"Deep equality" test and hashCode()

Question

Suppose a class MyClass has 3 variables, a,b and c. This class also overrides hashCode() that calculates return value using Joshua Bloch's approach.

Assuming the above, would it be correct to assume that MyClass() and new MyClass() are deeply equal if their hashcodes match?

For the purposes of the example, assume that both objects are initialized with the same parameters

Answer 1

Other answers are correct, but here's an alternative way to look at it: hashCode returns an int. If you have an object that has a String as its only member and that string contains more than 4 bytes' worth of characters, then you already have more information in that String than can be expressed using an int. Once you realise this, it becomes clear that there's no way the value returned by hashCode can be a complete representation of the object.

Since the value returned by hashCode can't completely represent the object, it clearly can't be used to determine whether the objects are semantically equal.

One thing you can do if the hashCodes of two objects are equal: you can assume there's a fairly reasonably chance that they're the same object. Thus, e.g. HashMap first locates a hash bucket according to the hash code, but then looks through each object it finds there (using equals) to find an object semantically equivalent to the one you actually wanted.

Answer 2

Certainly not.

hashCode is required to yield the same value for equivalent objects, but different objects may yield the same value. So, the following is a correct (but inefficient) hashCode implementation:

public int hashCode()
{
    return 42;
}

Even when you know a specific hashing method is used, it is a bad idea to assume hashCode is perfect: later, some refactoring/subclass might replace the hashCode implementation with something else.
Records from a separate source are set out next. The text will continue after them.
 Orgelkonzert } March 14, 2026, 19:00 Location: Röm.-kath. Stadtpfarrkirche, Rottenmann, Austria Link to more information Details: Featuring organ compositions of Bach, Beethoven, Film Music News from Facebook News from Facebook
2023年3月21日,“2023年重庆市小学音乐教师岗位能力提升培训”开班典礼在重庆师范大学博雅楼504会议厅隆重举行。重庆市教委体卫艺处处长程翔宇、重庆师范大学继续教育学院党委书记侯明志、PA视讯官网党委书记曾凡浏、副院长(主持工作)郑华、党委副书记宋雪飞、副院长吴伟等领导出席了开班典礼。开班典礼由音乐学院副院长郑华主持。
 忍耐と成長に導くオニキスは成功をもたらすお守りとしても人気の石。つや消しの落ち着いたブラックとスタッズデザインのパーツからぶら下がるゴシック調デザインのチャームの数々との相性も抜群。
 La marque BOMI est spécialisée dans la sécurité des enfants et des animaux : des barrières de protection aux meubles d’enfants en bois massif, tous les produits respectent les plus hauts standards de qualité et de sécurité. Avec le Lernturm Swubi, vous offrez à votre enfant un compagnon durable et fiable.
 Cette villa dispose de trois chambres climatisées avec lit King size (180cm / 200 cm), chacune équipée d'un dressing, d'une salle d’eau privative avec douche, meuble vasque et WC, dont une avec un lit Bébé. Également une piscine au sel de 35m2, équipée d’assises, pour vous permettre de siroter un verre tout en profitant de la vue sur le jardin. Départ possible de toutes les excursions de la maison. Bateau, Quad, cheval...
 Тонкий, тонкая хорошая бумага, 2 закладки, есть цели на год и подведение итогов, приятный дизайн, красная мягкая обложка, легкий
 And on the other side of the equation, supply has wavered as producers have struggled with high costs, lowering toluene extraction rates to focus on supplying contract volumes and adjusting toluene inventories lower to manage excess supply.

If you want this, create a perfectHashCode method that does always return a perfect hashcode, and use that for implementing hashCode

To answer your initial question: no, even Bloch's approach afaics does not yield a perfect hashCode, because (because of wrapping over MAXINT) 2 different paths might eventually collide into the same hash code.
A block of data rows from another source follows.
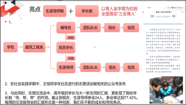 随着2023-2024学年度社会实践学期的深入开展,建筑工程系全体生涯导师继续以认真、严谨的工作态度面对此次指导任务,针对全系学生不同地域和不同特长,以“生涯导师制”+“学长制”的混合模式开展创新社会实践学期指导工作,并安排党员学长以助教身份协助生涯导师工作。日前,各位生涯导师分别通过腾讯会议平台,召开社会实践学期指导交流会。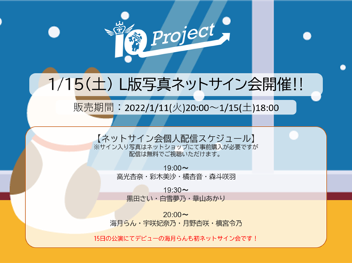 1/15(土) 「IQプロジェクト研究生4th公演 みちのりⅡvol.32・33~ソロ曲チャレンジ~」のSHOWROOM無料ライブ配信と、ライブ終了後、個別SHOWROOMチャンネルにてネットサイン会の開催が決定いたしました!!ネットサイン会では、メンバーがサインを書いている模様やフリートークなどを配信致します。販売期間は、2022年1月11日(火)20:00〜1月15日(土)18:00 2部のL...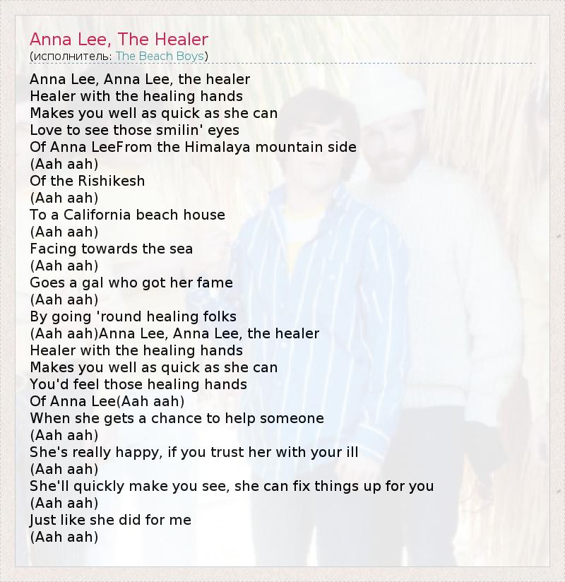 Anna Lee, Anna Lee, the healer Healer with the healing hands Makes you well as quick as she can Love to see those smilin' eyes Of Anna LeeFrom the Himalaya mountain side (Aah aah) Of the Rishikesh (Aah aah) To a California beach house (Aah aah) Facing towards the sea (Aah aah) Goes a gal who got her fame (Aah aah) By going 'round healing folks (Aah aah)Anna Lee, Anna Lee, the healer Healer with the healing hands Makes you well as quick as she can You'd feel those healing hands Of Anna Lee(Aah aah) When she gets a chance to help someone (Aah aah) She's really happy, if you trust her with your ill (Aah aah) She'll quickly make you see, she can fix things up for you (Aah aah) Just like she did for me (Aah aah)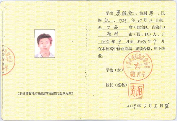 广西2009年高中毕业证样本(封皮+内芯全套)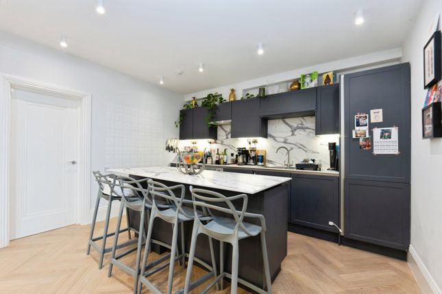 At the heart of the home is a large open-plan living and dining area, creating a bright and welcoming space ideal for both everyday living and entertaining. The stylish kitchen features integrated appliances and a central island, providing excellent functionality for cooking and socialising. Double doors open directly onto a private terrace, offering valuable outdoor space.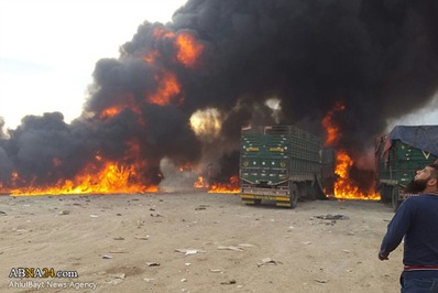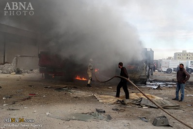 بر اساس تصاویر گرفته شده در طرف سوری مرز با استان کلیس در جنوب ترکیه، در روز چهارشنبه کامیونهای در حال سوختن دیده شده که امدادگران میگویند ناشی از حملات هوایی بوده است.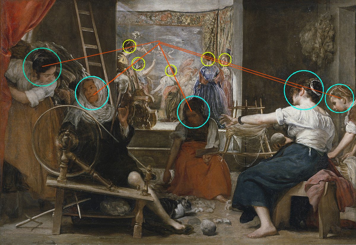 Ce shéma explicite de façon claire les liens qui existent pourtant entre ces deux univers. Liés par la perspective, il y a corrélation et projection du premier plan vers le lointain et/ou inversement, du monde réel, tangible, humain, populaire, travailleur, vers le monde divin, aristocrate, solaire et idéalisé. Il faut savoir que Vélasquez, comme tout peintre, est proche par son travail des artisans et travailleurs manuels, mais il est aussi un intellectuel travaillant et fréquaentant l’aristocratie, en tant que peintre de cour et ami proche du roi Philippe 4.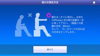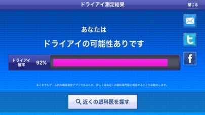 「DryeyeKT」では、わずか1分でドライアイかどうかを診断することができます。 よって、ターゲットは事務の仕事をしていて目を酷使しているような方があてはまります。 測定方法は腕をまっすぐに伸ばし、一定の距離で切れ目の部分をタップするだけなので、とても簡単です。 完了したら、「あなたはドライアイの可能性有りです」などという表示とパーセントで示してくれるので、どのくらい危うい状態であるのかを把握しやすいです。 もし、問題があったのならば、「近くの眼科医を探す」ボタンをタップすることで病院へ行く具体的な計画を立てるきっかけにすることができます。 ほかにも、メール、ツイッター、フェイスブックで共有することができるので、他の方にも気をつけて欲しいというメッセージを示すことができます。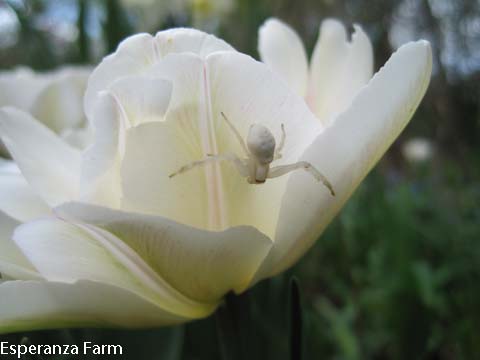 This little guy has been camped out in this tulip for several days, even through yesterday’s rain. I am not sure what he is going to do about the fact that the tulip in question is steadily turning pink…can spiders change colour?

This is easy to imagine: say your object holds 2 integers. The hash code is only 1 integer. So it can never yield a different value for each combination of 2 integers.

Answer 3

You can never assume two objects are equal if their hash codes match. The hash codes being equal only means that the objects may be equal and that equals must be called to determine for sure. The hash codes being different means that the objects are definitely not equal (provided hashCode() is correctly consistent equals).